Mungkin tahun ini adalah tahun kecerdasan buatan (AI) di CES, tetapi banyak fitur “AI” ini sudah ada sejak lama – hanya saja perusahaan baru-baru ini mulai mengadopsi merek kecerdasan buatan ini. AI telah masuk ke dalam kesadaran publik: hal itu keren dan trendi untuk menempatkannya di depan dan tengah dalam suatu produk, tanda bahwa perusahaan-perusahaan itu ambisius dan berpikir maju. Hal ini membuat istilah tersebut diadopsi di mana-mana, bahkan ketika itu bukanlah AI yang sebenarnya seperti yang diketahui kebanyakan orang.
Namun, seiring banyaknya perusahaan yang mencantumkan label AI pada segala sesuatu yang melibatkan algoritma, bagaimana kita bisa memisahkan yang penting dengan yang tidak penting? Dan yang lebih penting, apakah ini akan mengakibatkan penggelembungan ekspektasi terhadap apa yang bisa dilakukan AI?
Pahamlah bahwa perusahaan-perusahaan ingin memanfaatkan tren AI ini. Baik produk baru menggunakan generative AI atau tidak, menempelkan label AI pada sesuatu memberikan kesan bahwa fitur tersebut baru dan menarik. Generative AI juga masih dalam fase pertumbuhan di mana teknologi ini diuji sejauh mana kemampuannya dan orang-orang ingin percaya bahwa teknologi ini akan menjadi pembeda besar. Inilah sebabnya mengapa kita melihat Walmart menggunakan model AI untuk mengisi kembali stok dapur Anda, atau perusahaan mobil menyematkan ChatGPT ke dalam dashboard mereka untuk memberi pengemudi sesuatu untuk diajak bicara.

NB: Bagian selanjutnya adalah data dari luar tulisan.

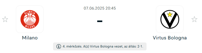 - A Virtus Bologna EuroLiga-szereplése sem volt sikeres. A tavalyi play-in után idén mindössze a 17. helyig jutottak. A Serie A alapszakaszát 23–7-es mérleggel az élen zárták, igaz, a negyeddöntőben megizzadtak, csak az ötödik meccsen jutottak tovább a Velence ellen. Az elődöntőben Milánó ellen azonban taktikus játékkal eddig 2–1-es előnyre tettek szert, főleg a tempó kontrollálására építve. A harmadik mérkőzésen idegenben is nyerni tudtak, annak ellenére, hogy Achille Polonara már nem játszott, Will Clyburn pedig sérülése miatt szintén kihagyta az összecsapást. A győzelem kulcsa Tornike Shengelia és Isaia Cordinier volt, akik egyaránt 19 pontot szereztek, míg Brandon Taylor 12 ponttal és 7 gólpasszal járult hozzá a sikerhez. Az ő teljesítményük kulcsfontosságú lehet ismét, főként, ha Clyburn továbbra is hiányozni fog.
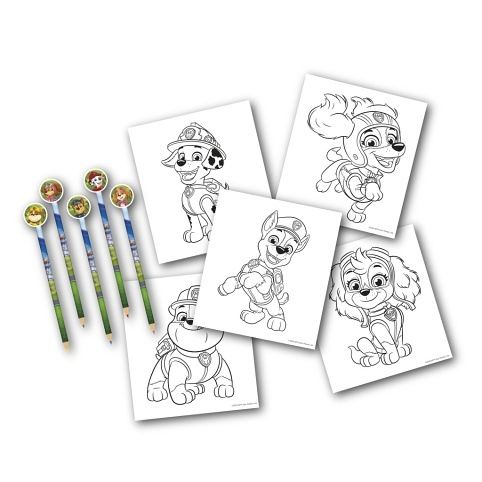 Sada obsahuje 32 omalovánek štěňátek Tlapkové Patroly. Sada obsahuje 6 pastelek a 6 gum.
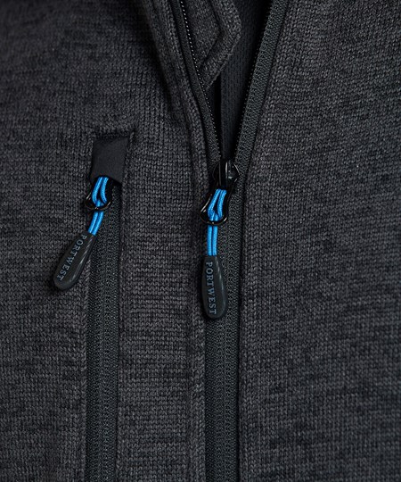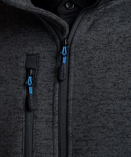 Contemporary work jacket made from a soft knitted fleece fabric ensuring that once you put it on you won't want to take it off. Reinforced shoulders and back panels offer added durability in heavy-use areas. Interchangeable zip pullers in blue red and lime green are supplied for easy integration of corporate colours. Designed with a modern fit this jacket hosts a range of practical features including a longer back length a rubber zip puller and multiple pockets.
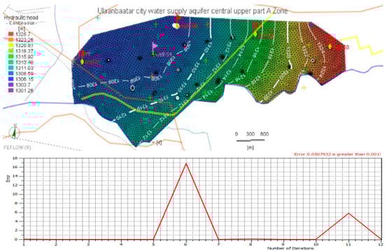 Another alternative simulation scenario is for the water release from the surface water reservoir with a dam, with a constant q rate of 26.6 m3/s and creation of table for constant groundwater water. In this case, the model is taken with the eastern and western boundary using a constant groundwater level and hydraulic head and, also, in the southern boundary as the Tuul River with a constant level value for groundwater recharge. In the FEFLOW simulation, the maximum abstraction rate reached 90,288 m3/day. Following this, the simulation produced an error report indicating that the aquifer has no groundwater; see Figure 8.
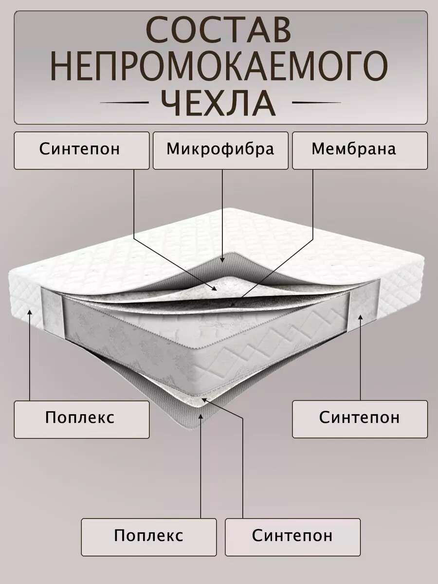 Купить Наматрасник непромокаемый 140х200, на молнии, с высокими бортиками 21-24 см, стеганый чехол на матрас, белый
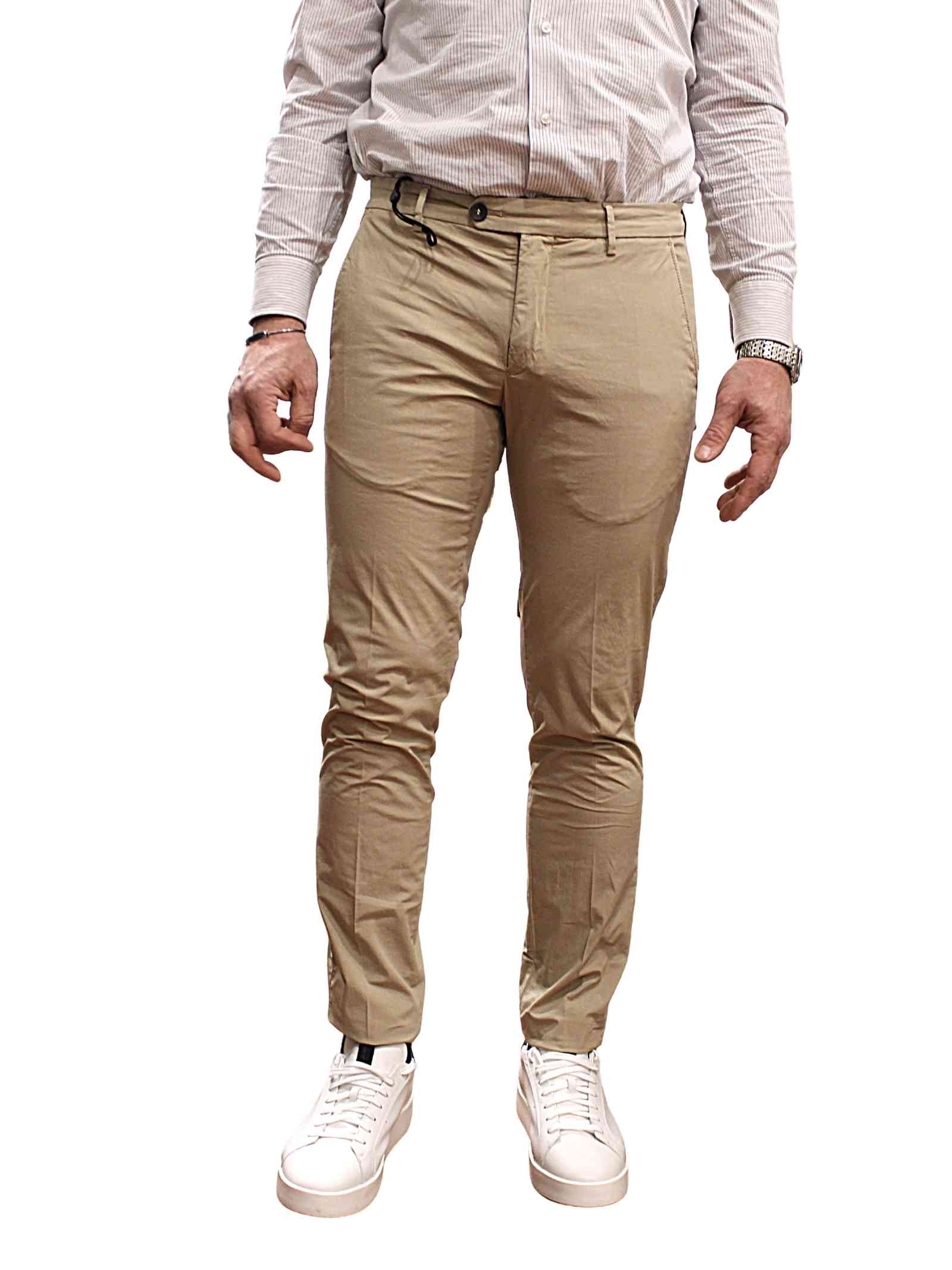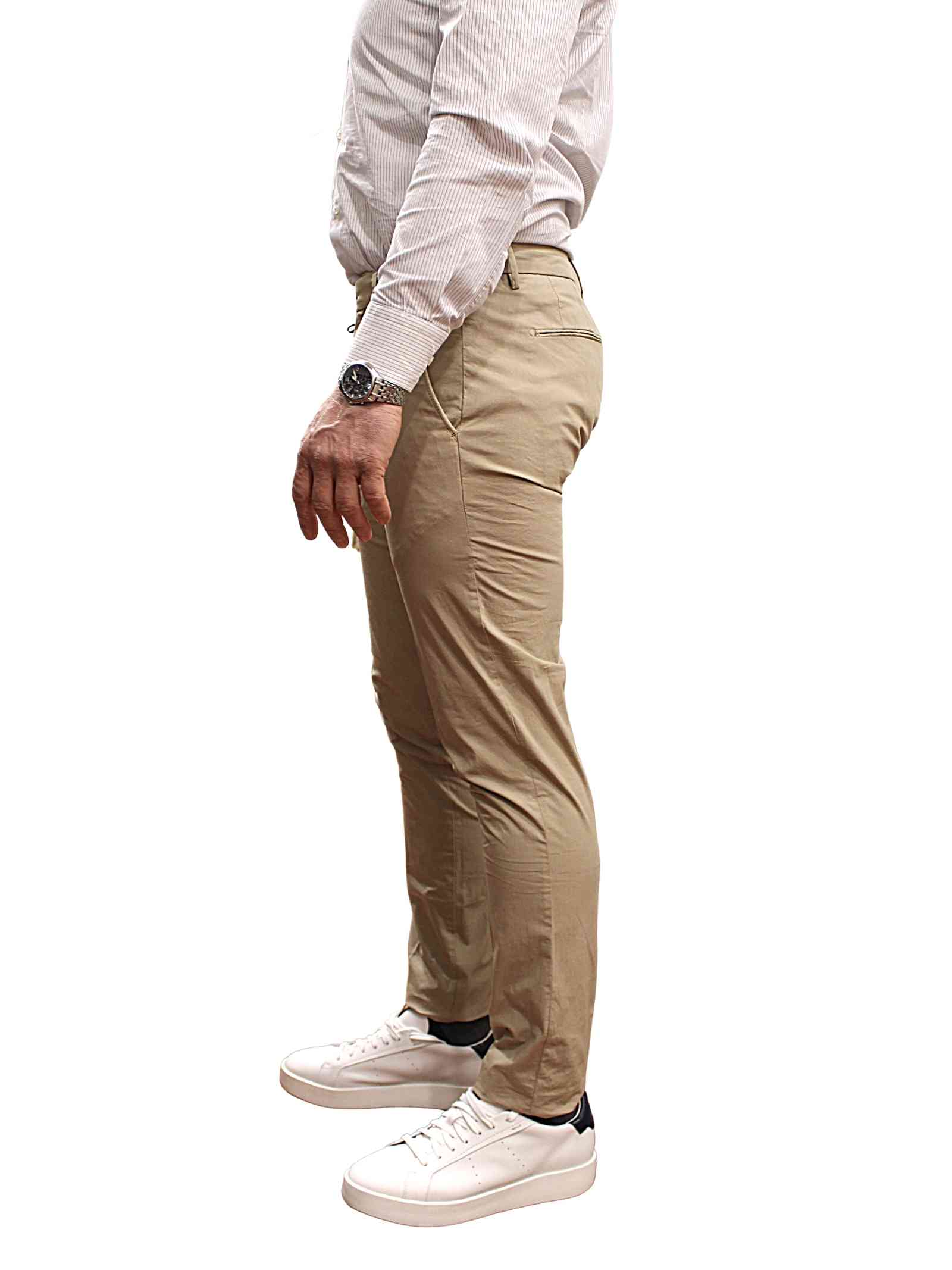 Pantalone cotone linea “Brad”, tasca America, colore beige.
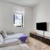 Ein besonderes Augenmerk liegt auf der intelligenten technischen Ausstattung: Die Fenster sind dreifach verglast und verfügen über elektrisch steuerbare Jalousien sowie vollflächig verschließbare Raffstores für vollständige Verdunkelung – ideal für Mediennutzung oder lichtempfindliches Wohnen. Die Sicherheitstechnik von Busch-Jäger inklusive Gegensprechanlage erfüllt höchste Ansprüche an Privatsphäre und Schutz.
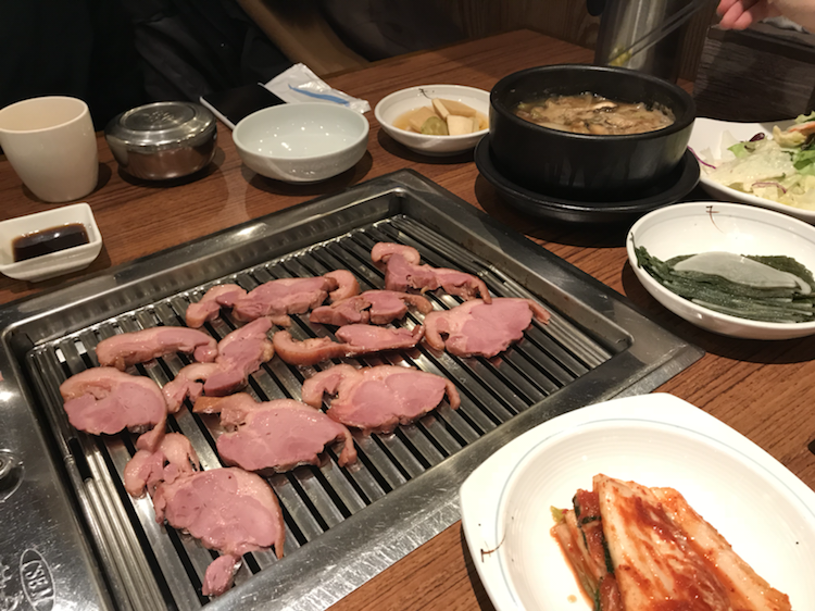 점심 /오리고기 100그램 정도. 밥 반그릇, 깻잎과 무 초절임
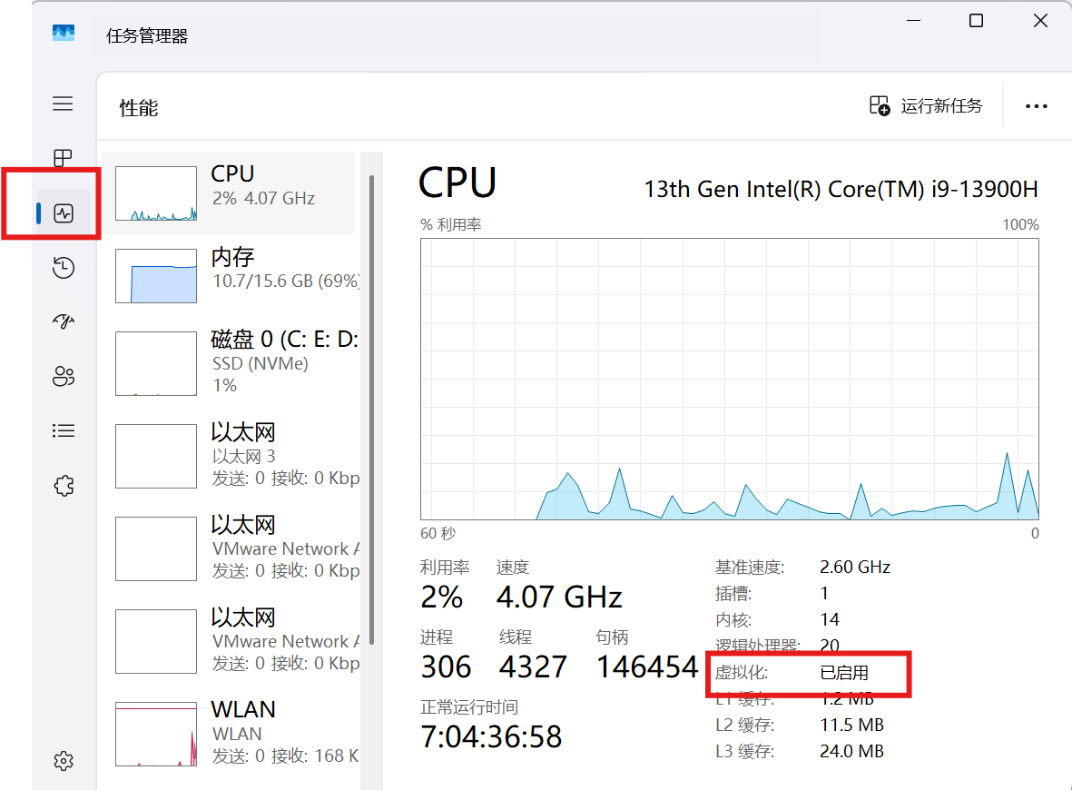 查看右下角 虚拟化 是否为 已启用
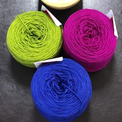 This time I am contemplating doing three colors with Wollmeise Blend. Blue on the lace, then … not sure. I could do blue/green stripes with a thin pink stripe pop in there. Or blue/pink stripes with a pop of green. Or pink/green stripes with a mini pop of blue. What do you think? I can’t make up my mind. I do want it to be colorful on my black winter coat! (I think it’s safe to say it will be colorful.)
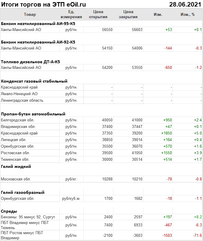 Итоги торгов на ЭТП eOil.ru 28 июня 2021

Arun Chandrasekaran, seorang analis dari Gartner, mengatakan bahwa ini adalah hal yang wajar bagi banyak perusahaan, tetapi ini juga berisiko membuat konsumen merasa kecewa ketika mereka mengetahui bahwa sesuatu yang ditandai sebagai AI sebenarnya tidak seperti ChatGPT.
“Ada konfusi antara generative AI dan AI lainnya yang bisa membingungkan bidang ini sedikit,” kata Chandrasekaran. “Pemasar mungkin sedang menyakiti diri mereka sendiri ketika mereka mengiklankan sesuatu yang pada akhirnya bukan seperti yang diharapkan orang.”
Bagi kebanyakan orang, baik itu disukai atau tidak, mereka menganggap bahwa AI adalah sinonim dari generative AI – khususnya, ChatGPT. Hal ini menciptakan kesan bahwa jika seorang konsumen menggunakan produk yang diberi merek AI, mereka mengharapkan produk tersebut berperilaku seperti chatbot yang “berpikir” seperti manusia.
Ini merugikan produk-produk yang menggunakan bentuk AI lain yang sama-sama mengesankan. Banyak robot yang berkeliling di CES, seperti Ballie dari Samsung atau robot agen AI dari LG (bukan agen AI sejati; agen AI mengacu pada perangkat lunak AI, biasanya berupa chatbot, yang dapat melakukan tugas seperti memesan penerbangan atau mencari meja di restoran), terlihat lucu dan merupakan prestasi dalam rekayasa. Tetapi keberadaan mereka lebih banyak berkaitan dengan kemajuan di bidang robotika dan bahkan visi komputer daripada peningkatan LLMs. (Setidaknya kita tidak tahu apakah Samsung menggunakan LLMs untuk membantu melatih Ballie).
Selain itu, ada juga pembelajaran mesin. Para ahli AI akan berpendapat bahwa generative AI dan model dasar yang menggerakkan banyak versinya hanya merupakan tahap pengembangan berikutnya dalam pembelajaran mesin. Tetapi tidak ada yang ingin membicarakan pembelajaran mesin lagi. Hal itu dianggap kuno dan “tradisional,” padahal saya yakin itu yang menggerakkan banyak fitur pengenalan pola di CES.
“Teknologi melewati siklus kehidupan, dan ya, bisa jadi kita sampai pada titik di mana orang-orang kecewa dengan janji AI setelah tidak melihatnya menyelesaikan banyak masalah yang orang pikirkan. Tetapi itulah saatnya banyak inovasi yang baik dan kasus penggunaan yang lebih cocok muncul,” kata Chandrasekaran.
Dalam beberapa tahun mendatang, kita akan melihat fitur dan produk yang tidak memerlukan chatbot atau model bahasa besar yang powerful. Namun, itu belum terjadi di CES kali ini. Belum.